Records drawn from a dataset
——————————
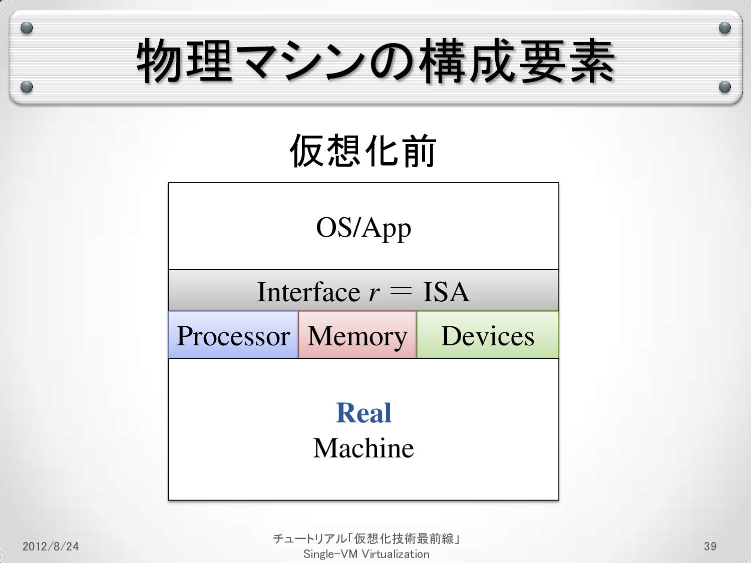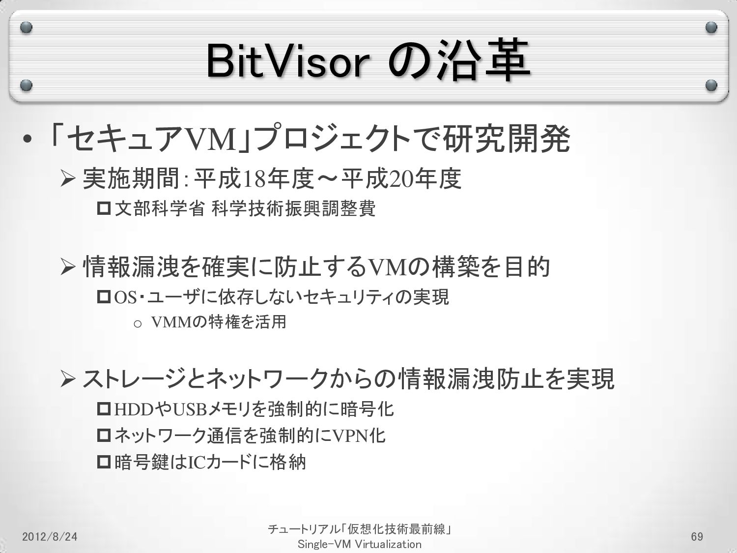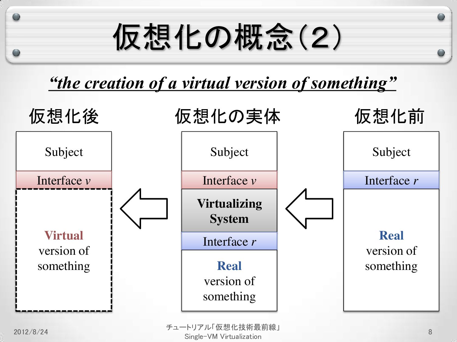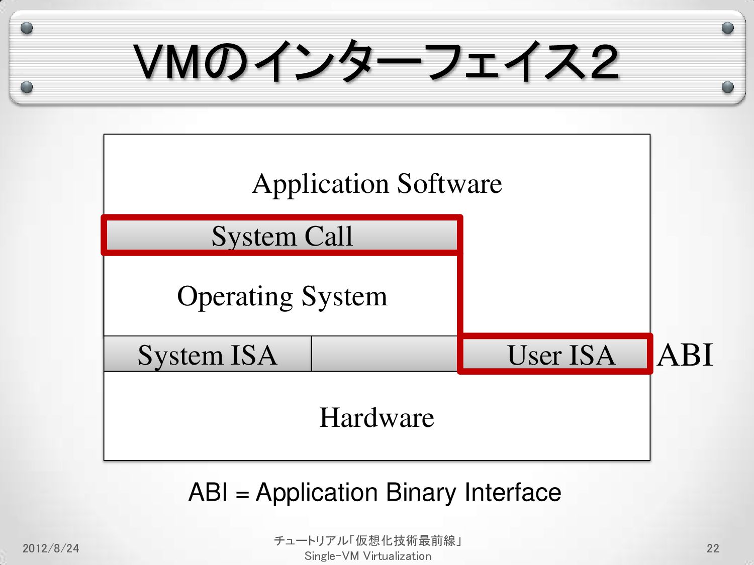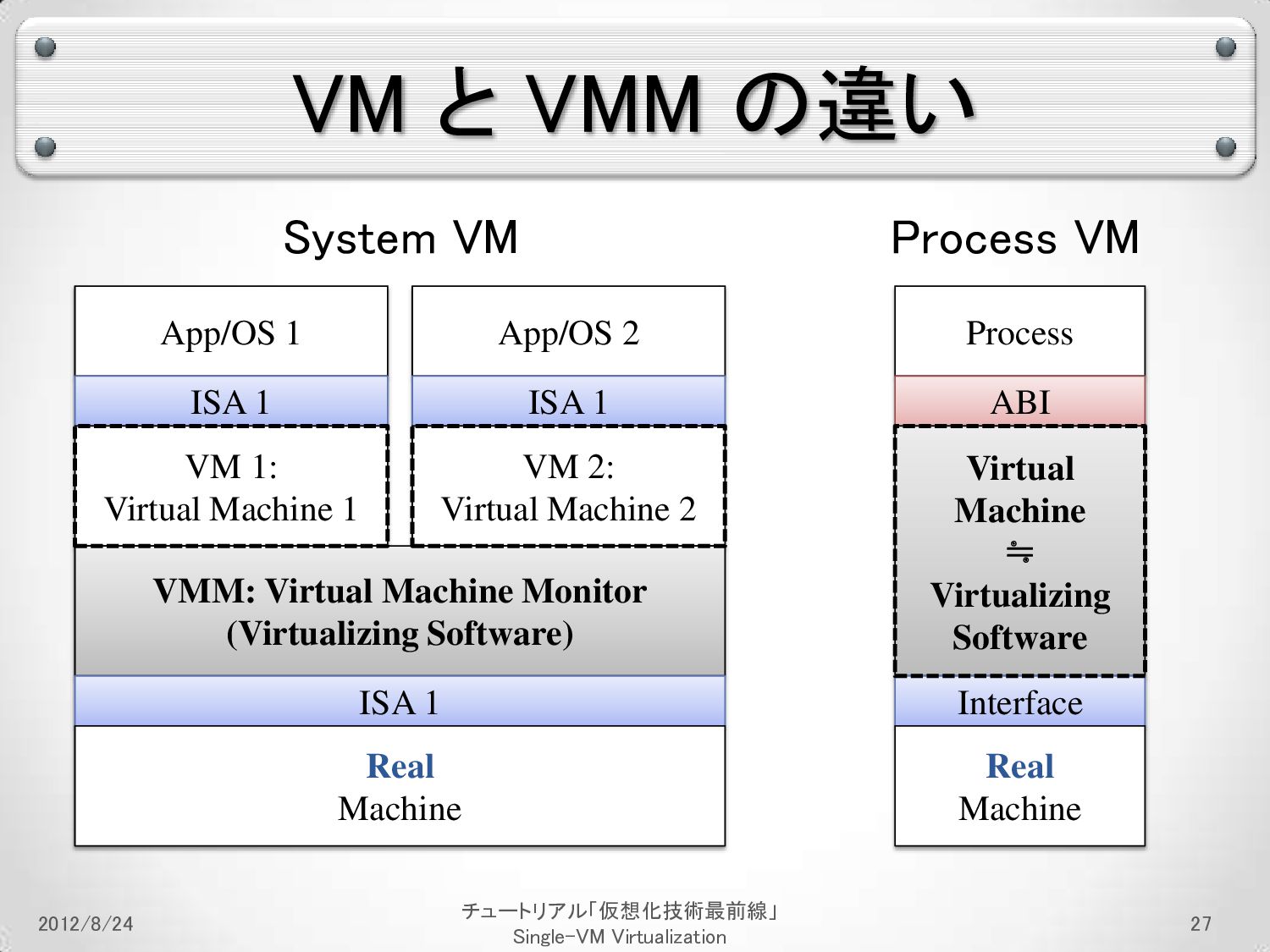 INVD, XSETBV • 設定により VM Exit が発生する条件 割り込み関係 o 外部割り込み,NMI, VMX preemption timer システムレジスタへのアクセス o CR3, CR8, RDMPC, RDTSC, RDRAND, MSR, DR, Descriptor table, APIC, ... 制御関係 o MONITOR, PAUSE, HLT, MWAIT, ... メモリ関係 o INVLPG, WBINVD, Enable INVPCID, enable VPID I/O関係 o Unconditional I/O, Use I/O bitmaps 2012/8/24 チュートリアル「仮想化技術最前線」 Single-VM Virtualization 49
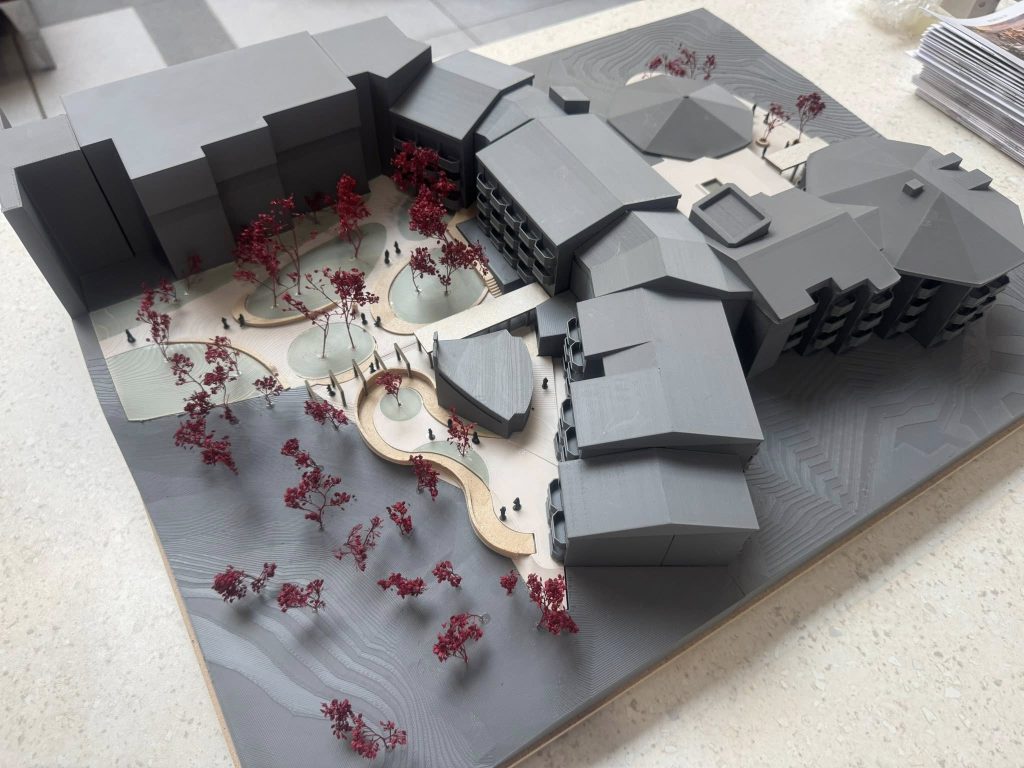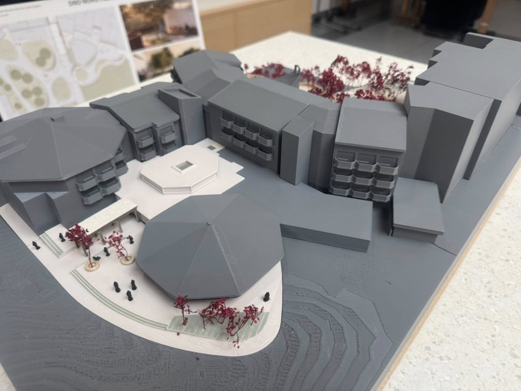 Krasna zasnova, javna razgrnitev treh plakatov in čudovita maketa so nam pričarali povsem nov pogled na naše okolje – od dvorišča za osebe z demenco, južnega vrta, do preureditve recepcije in avle ter razširitve zunanje terase bifeja.
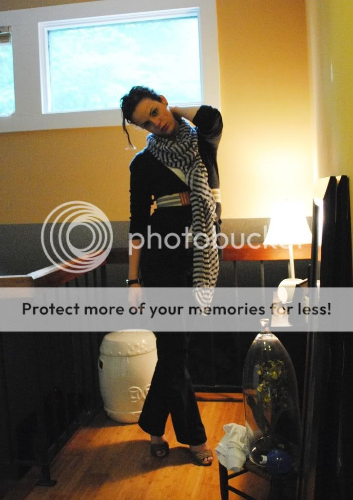 I love taking ordinary pieces that are pretty bland on their own and throwing somehting abnormal into the mix.. Such as I did here when i threw on a striped scarf and belt and then a completely different colored pair of shoes. It changes things up a bit and makes the work day more bareable.. :) Please excuse messy hallway and horrible lighting..
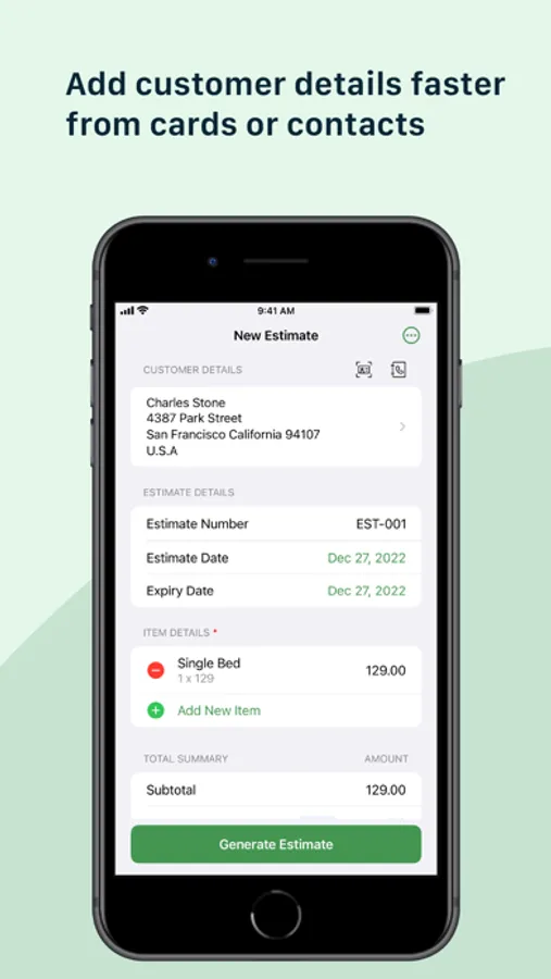 Made a deal and need to create an estimate immediately? Generate estimates instantly while on the go, for free. Fill in the estimate, select print or download as PDF. No sign up required. It's hassle-free and absolutely free.
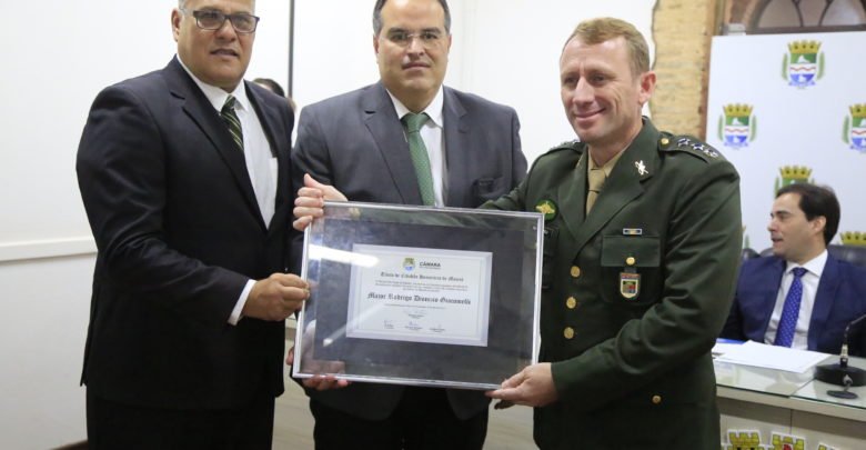 O parlamentar ainda agraciou o Major Rodrigo Dionizio Giacomelli com o Título de Cidadão Honorário. “Acredito que a concessão do título ao major é o reconhecimento, mais que justo, do povo maceioense a esse incansável profissional que através de seu dignificante trabalho contribui para elevar a qualidade de vida de nossa querida cidade. Seja bem vindo-vindo a sua nova cidade”.
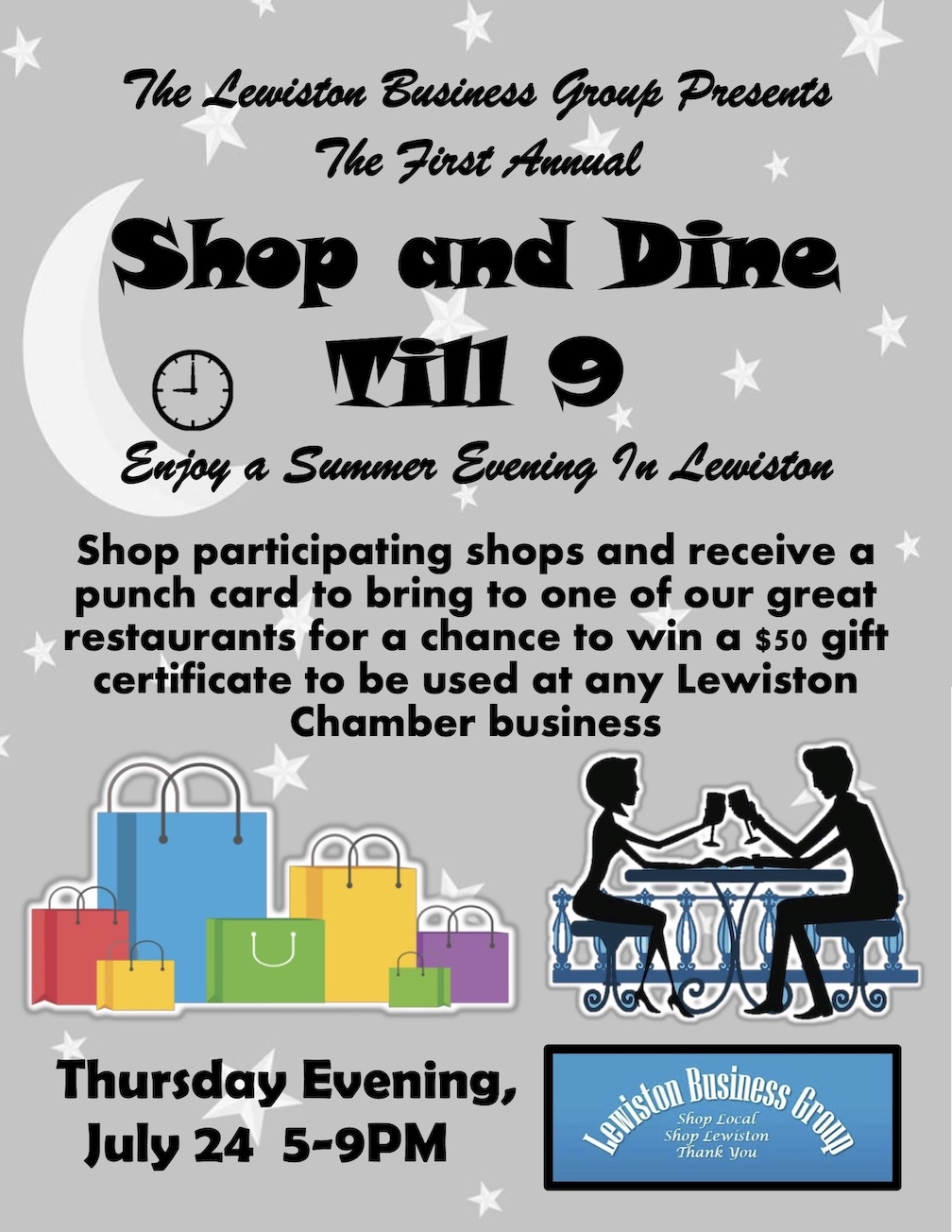 The Lewiston Business Group will host the first "Shop and Dine Till 9" event from 5-9 p.m. Thursday, July 24.
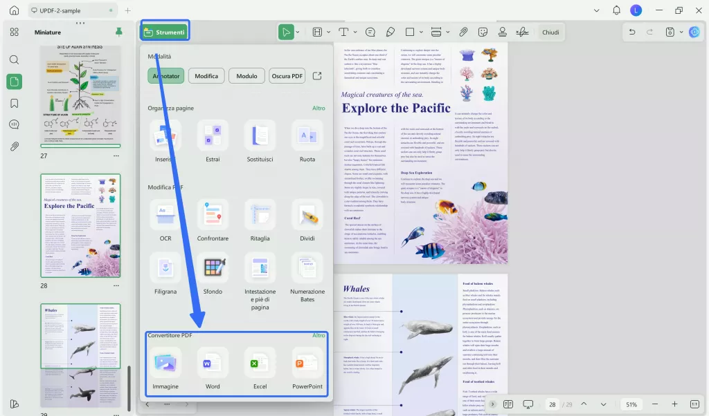 Innanzitutto, sarà possibile creare facilmente un PDF dai diagrammi Visio utilizzando UPDF per Windows. Inoltre, sarà possibile esportare il PDF in vari formati, inclusi Excel, Word e altri, senza alterare il formato originale. Inoltre, UPDF per Windows supporta la conversione batch.
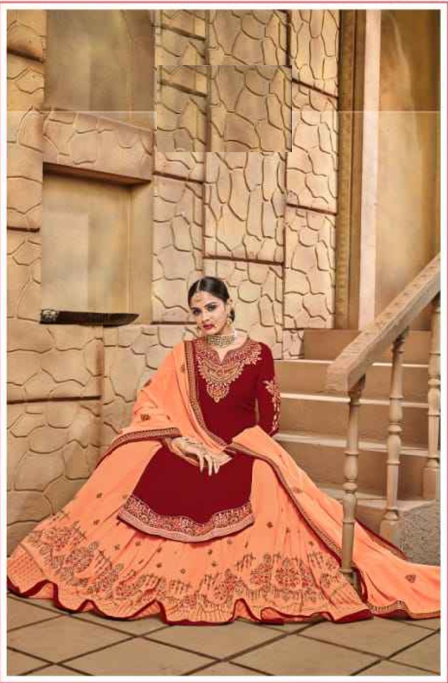 HashtagTrending Fashions Premium Georgette Lehenga Style dress material with heavy emroidery and Diamond work.
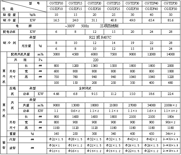 常規(guī)除濕機(jī)和管道除濕機(jī)均有升溫型、調(diào)溫型、降溫型三種功能類型,其中升溫除濕機(jī)主要用于除濕,無制冷功能,故適用于無溫度要求的除濕場所;調(diào)溫除濕機(jī)集除濕、制冷功能于一身,且制冷能力可調(diào),故特別適用于熱負(fù)荷變化較大的除濕場所。降溫除濕機(jī)在除濕的同時(shí)有制冷功能,但制冷能力不可調(diào),故適用于熱負(fù)荷較大,對(duì)相對(duì)濕度無要求的除濕場合。
——————————
WHAT THE TASK REQUIRES —
Transcribe only the lines above that start at the line containing "I love taking" and end at the line containing "Made a deal". Omit pictures.

ANSWER BELOW —
 I love taking ordinary pieces that are pretty bland on their own and throwing somehting abnormal into the mix.. Such as I did here when i threw on a striped scarf and belt and then a completely different colored pair of shoes. It changes things up a bit and makes the work day more bareable.. :) Please excuse messy hallway and horrible lighting..
 Made a deal and need to create an estimate immediately? Generate estimates instantly while on the go, for free. Fill in the estimate, select print or download as PDF. No sign up required. It's hassle-free and absolutely free.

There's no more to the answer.